This table shows the times recorded for varying numbers of nodes of the Standard_HB120-64rs_v3 VM on Azure CycleCloud:

VM size Number of nodes Number of vCPUs Total elapsed time (seconds) Relative speed increase
Standard_HB120-64rs_v3 1 64 5,025 N/A
Standard_HB120-64rs_v3 2 128 3,323 1.51
Standard_HB120-64rs_v3 4 256 2,264 2.22
Standard_HB120-64rs_v3 8 512 1,697 2.96
Standard_HB120-64rs_v3 16 1024 1,383 3.63

The following graph shows the relative speed increases as the number of nodes increases:

Graph that shows the relative speed increases for the Speed Test 9 model in a multi-node configuration.

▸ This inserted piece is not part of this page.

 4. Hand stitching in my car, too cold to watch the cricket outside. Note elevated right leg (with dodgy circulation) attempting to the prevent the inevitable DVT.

HBv3-series VM notes about the multi-node tests

From the multi-node results, we can observe that models scale linearly up to 16 nodes, which gives maximum speed-up of 3.63 times the single node. We limited the validation study to a few iterations. Using more than 64 vCPUs per node resulted in decreased performance for this specific model.

Results on the HBv4-series VM

HBv4-series VMs with different numbers of vCPUs were deployed to determine the optimal core configuration to run tNavigator on a standalone VM. That optimal configuration was then tested in a multi-node cluster deployment.

Results on single-node configuration

The following table shows the total elapsed time of Speed Test 9 in seconds:

VM size Number of vCPUs used Total elapsed time (seconds) Relative speed increase
Standard_HB176-24rs_v4 12 11,602 1.00
Standard_HB176-24rs_v4 24 6,407 1.81
Standard_HB176-48rs_v4 48 3,288 3.53
Standard_HB176-96rs_v4 96 2,290 5.07
Standard_HB176-144rs_v4 144 2,017 5.75
Standard_HB176_v4 176 1,980 5.86

The following chart shows relative speed increase of Speed Test 9 model:

Graph that shows the relative speed increases for the Speed Test 9 model on single-node configuration.

HBv4-series VM notes about tests on tNavigator

  • The relative speed increases linearly as the number of vCPU cores increases.
  • The solver time on HB176-24rs_v4 (12 vCPUs) is the baseline reference to calculate the relative speed increase.
  • Parallel performance improves from 12 to 176 vCPUs in all single-node tests.

HBv4-series VM results on multi-node configuration

HBv4-series standalone testing shows that Standard_HB176-144rs_v4 is the optimal core configuration to continue the testing on multi-node clusters. The following table shows the total elapsed time recorded for the Speed Test 9 model on one, two, four, and eight nodes.

VM size Number of nodes Number of vCPUs Total elapsed time (seconds) Relative speed increase
Standard_HB176-144rs_v4 1 144 2,017 1.00
Standard_HB176-144rs_v4 2 288 1,627 1.24
Standard_HB176-144rs_v4 4 576 1,208 1.67
Standard_HB176-144rs_v4 8 1,152 958 2.11

The following graph shows the relative speed increase as the number of nodes increases:

Graph that shows the relative speed increases for the Speed Test 9 model in a multi-node configuration.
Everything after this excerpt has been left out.